Américo Martín 10 de enero de 2021
La siguiente es una reflexión que me suscitaron varios
extraños personajes cuyo único punto de referencia fue alguna deformación
física.
Se trata de “impedidos”, pero recordemos ante todo la
oportuna diferencia que, por razones de alta dignidad, subrayó Unamuno entre
“impedidos”, dirigiéndose al “ágrafo” general franquista Millán-Astray durante
la ocupación militar de la Universidad de Salamanca.
Unamuno, como su rector, concibió este iridiscente
discurso:
Siendo este el templo del intelecto y yo su supremo
sacerdote, vosotros estáis profanando su recinto sagrado. Diga lo que diga el
proverbio, yo siempre he sido profeta en mi propio país. Venceréis, pero no
convenceréis. Venceréis porque tenéis sobrada fuerza bruta, pero no
convenceréis porque convencer significa persuadir. Y para persuadir necesitáis
algo que os falta en esta lucha, razón y derecho.
El general Millán-Astray es un impedido pero eso no es
razón para desconocer a nadie, el manco de Lepanto es la expresión más pura de
la lengua.
No tengo la menor duda de que al padre de El Quijote,
ser llamado el manco de Lepanto le causara alguna preocupación
emocional, tal como en su momento lo manifestó. Por el contrario, fue un honor
haber adquirido aquella lesión en lucha personal, en la gran batalla que
destruyó al omnipotente imperio turco. Y, de modo especial, por la decisiva
presencia de Juan de Austria al frente de la flota cristiana integrada por
galeras españolas, genovesas y del papado que, tras difíciles conversaciones,
nombraron para el mando supremo a quien todos sabrían que reunía más que nadie
las cualidades para ejercerlo. El consenso se complicó por celos y demás
humanas mezquindades y, quizá sobre todo, el temor de que una personalidad tan
atractiva, pero de nobleza vulnerable, alcanzara poder como el de su abuelo
“natural” o, cuando menos, el su hermanastro, Felipe II. En casos como estos el
miedo proviene de no saber o de no querer saber.

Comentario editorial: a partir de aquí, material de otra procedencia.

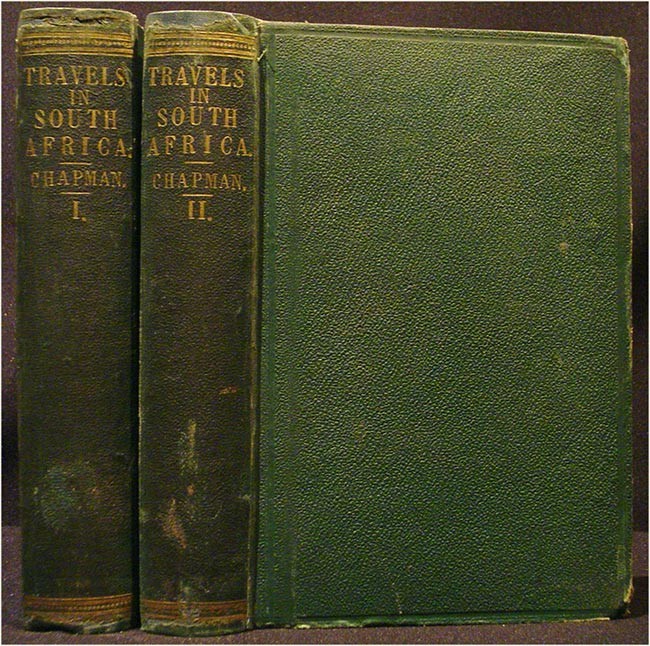 2 volumes, 454 + 480 pages, wood engraved frontispiece in each volume, 2 folding maps partly coloured and Chapman\'s journeys traced in red, 8 plates and 19 illustrations in the text, errata leaves in each volume, original green pebble-grained cloth, titled gilt on the spines, both volumes have been recased (new endpapers), edges slightly worn and corners bumped. The large folding map at the beginning of volume I has been strengthened at each fold, the second folding map in volume II (route from Walvisch Bay to Sanamani’s Town via Lake Ngami and The Victoria Falls in 186– 3) is in good condition, generally the contents are bright.

La historia de nuestro país está inundada de figuras si
no similares a las que he mencionado, al menos tienen una índole de análoga
procedencia. De nuestros “mancos” autóctonos quisiera evocar dos “impedidos”,
uno bien reconocido y otro merecidamente ignorado. Todos, llamados mochos, que
no mancos.
La parte simpática del mocho Hernández fue en realidad
su parte amarga. El general José Manuel Hernández era un hombre de legítima
aspiración de poder, pero por las vías naturales de asumirlo, la guerra o las
elecciones, esta cual fuente original y la otra en tanto que medio de
legitimación.
En mis estudios de bachillerato lo mencionaba el
profesor Siso Martínez: se alzó el mocho contra el presidente general Andrade,
sin aclarar la justa causa de aquella tentativa.
El problema estaba a tono con la época. El poderoso
Partido Liberal, a la sazón conducido por el general Crespo, había dispuesto
darle la magistratura a Andrade. Pero el mocho, munido de una popularidad
inalcanzable y decidido a aplicar los métodos de campaña estadounidenses,
recorrió el país y construyó una mayoría imbatible.

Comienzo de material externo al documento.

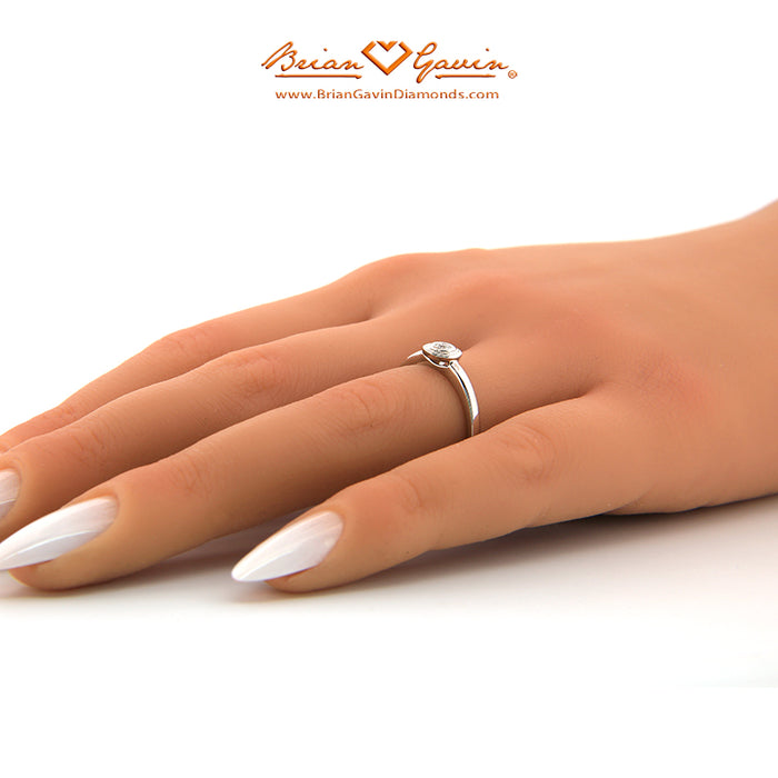 Layered halo bezel-set mini solitaire featuring 1 x 2.4mm F/G VS Brian Gavin Signature melee.

Con seguridad en ese contacto directo se habrá
inspirado Rómulo Betancourt para alcanzar la modernización de la política
venezolana: “Estado por estado, municipio por municipio. Parroquia por
parroquia”.
Le sirvió al Mocho para permanecer en la historia y le
sirvió a Rómulo para eso mismo. Sin embargo, el Mocho no pudo acceder en 1897
porque se le atravesó la fuerza bruta del general Joaquín Crespo, ni los dos
Rómulos pudieron sostener a AD en 1948 porque se tropezaron con la fuerza bruta
de los militares modernizadores.
Lo del Mocho Hernández pudo parecer obsesivo al
alzarse en contra de Cipriano Castro, pero tampoco lo fue.
Castro lo puso en libertad y le ofreció el ministerio
de Comercio. Al principio pareció aceptar hasta que optó por proclamar la
revolución. Debió meditar en profundidad. Desde la cárcel había apoyado el
alzamiento de Cipriano Castro porque el elocuente general andino pasaba al
Táchira al frente de sus 60 bravos seguidores, alegando razones excelentes, entre
las cuales el fraude que desconoció al Mocho e impuso a Andrade. Esperaba sin
duda, con su lógica vertical, que don Cipriano le devolviera la presidencia.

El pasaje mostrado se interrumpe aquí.